_REQUIREMENT:_
Copy out and return the lines from the one holding "ルージュヴィフ Rouge vif" to the end of the listing below, both included, omitting the pictures.

_SOURCE DATA:_
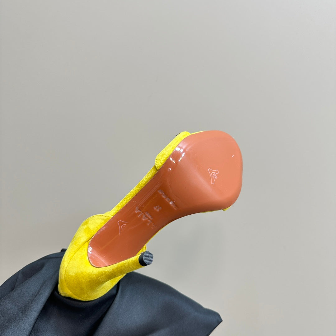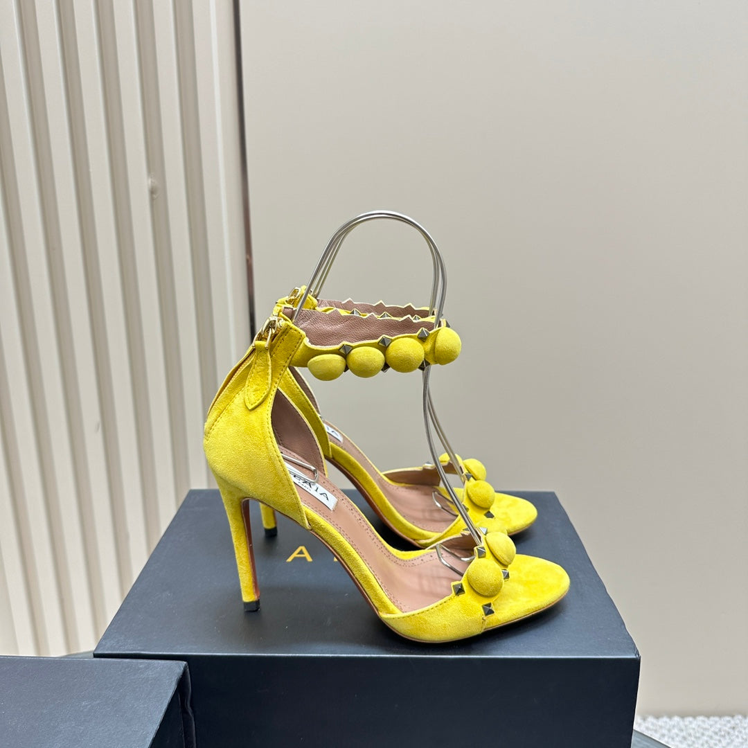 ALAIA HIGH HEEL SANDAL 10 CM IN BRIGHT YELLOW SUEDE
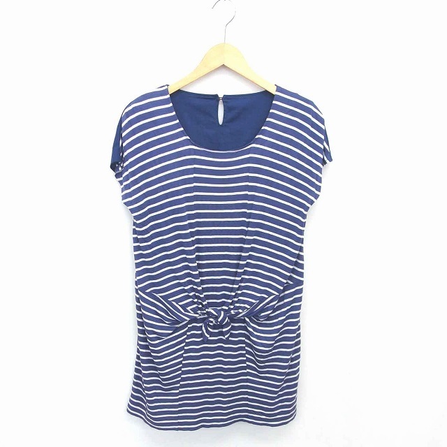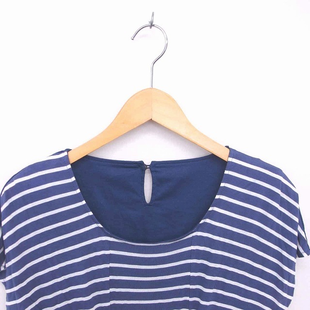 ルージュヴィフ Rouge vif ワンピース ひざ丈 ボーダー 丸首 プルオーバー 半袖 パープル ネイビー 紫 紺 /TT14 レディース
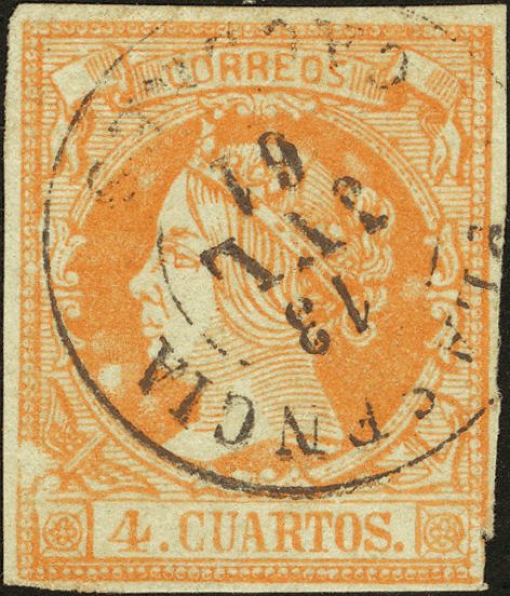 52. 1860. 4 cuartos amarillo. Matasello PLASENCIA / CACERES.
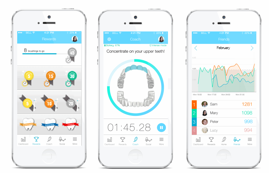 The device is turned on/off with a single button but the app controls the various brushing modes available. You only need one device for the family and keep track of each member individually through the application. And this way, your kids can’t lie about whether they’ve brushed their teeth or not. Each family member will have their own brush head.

_TASK RESULT:_
 ルージュヴィフ Rouge vif ワンピース ひざ丈 ボーダー 丸首 プルオーバー 半袖 パープル ネイビー 紫 紺 /TT14 レディース
 52. 1860. 4 cuartos amarillo. Matasello PLASENCIA / CACERES.
 The device is turned on/off with a single button but the app controls the various brushing modes available. You only need one device for the family and keep track of each member individually through the application. And this way, your kids can’t lie about whether they’ve brushed their teeth or not. Each family member will have their own brush head.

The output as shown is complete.